I recently received some Twentse chicks from Greenfire. Same issues as before, but a little bit different...
Nine chicks shipped on Monday afternoon. I knew exactly when they would be arriving so I was at the Post Office bright and early on Wednesday morning. The total time in transit was only 36 hours, minimizing handling, delays, etc. I clipped the tie-wrap right there in front of the Postmaster to find six chicks upright with three trampled down and covered with GroGel. I harshly criticized the USPS handling of packages as this was not the first (or second...) time I have had bird issues or losses.

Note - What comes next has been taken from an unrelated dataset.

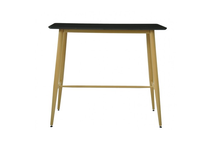 Mesa de diseño, alta, armazón de metal con acabado imitación madera, tapa negra. Taburetes a juego.
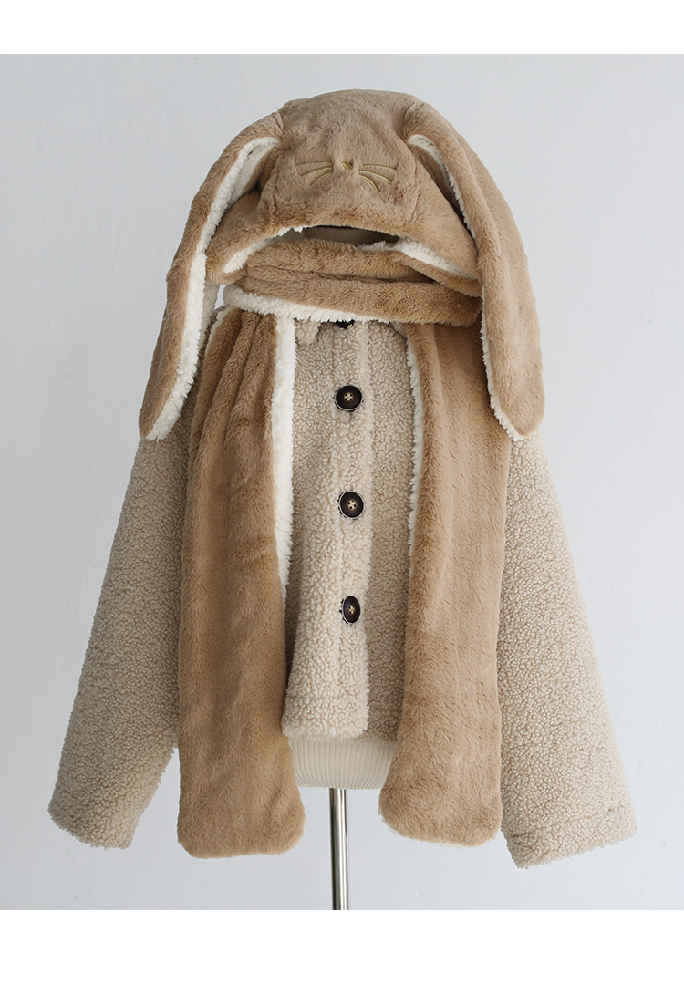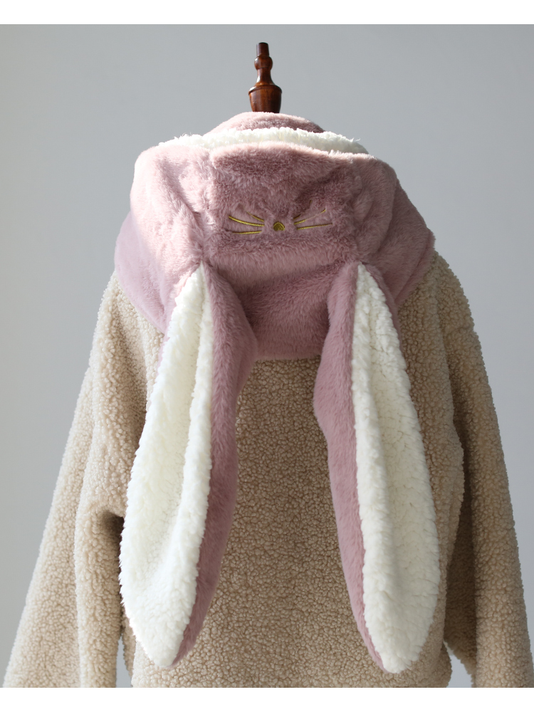 3 in 1 Cute Rabbit Ears Windproof Hoodie Scarf and Gloves

Luckily, and I believe this is due to minimizing total time in transit, all nine chicks were still alive. I rushed home and put the six healthy chicks in my brooder. They seemed lethargic and exhausted (unlike my recent shipment of Isbars), but I introduced them to water and feed. I examined the three trampled chicks to find they were a bit cold and now suffered from splayed legs. My hypothesis is that they got jostled pretty early on, got bumped into the GroGel cups and got sticky (which doesn't help with movement) and cold (the gelatin will slowly rob the chick of body heat due to evaporation). Mostly immobilized, the other chicks either willfully or accidentally stepped on them over and over. Good times, right?
The three splayed leg chicks are sitting in the bottom of my incubator, in isolation...but warm, so they can recuperate. I'm using the split Band Aid method of gently binding their legs together. I have some water and feed with them; the water has an electrolyte and vitamin powder added. They don't seem super-stoked about being hobbled, but they are perky (most likely thanks to the solution - something I now HIGHLY recommend).
I'm sure GroGel provides a solid electrolyte and nutritional supplement...but only when eaten by the chicks. If it isn't eaten, if it is placed somewhere that the chicks can fall into it, it becomes a huge liability. My recommendation is one of the following:
1. Request GroGel be withheld from shipping. If the chicks are day old, and especially if transit time is as short as it is for me, they will be just fine without it. After all, they should still be absorbing their own yolk sacs.
2. Shippers should affix some kind of modified lid on the GroGel cups, sufficient to allow access via the chicks beaks...but also prohibiting them from falling into the cups.
3. Greenfire glues the cups to the side of the box to prevent them from getting knocked around. My suggestion to them was to use TWO CUPS, glued bottom to bottom to look like an open-ended hourglass. The top cup gets GroGel, the bottom cup gets glued to the box bottom. This way the GroGel is still accessible to the chicks, but the possibility of them walking through it or creating body contact is minimized.
If I ship chicks, I would only provide GroGel upon request. And if I did include it, I would use the methodology of #3 above.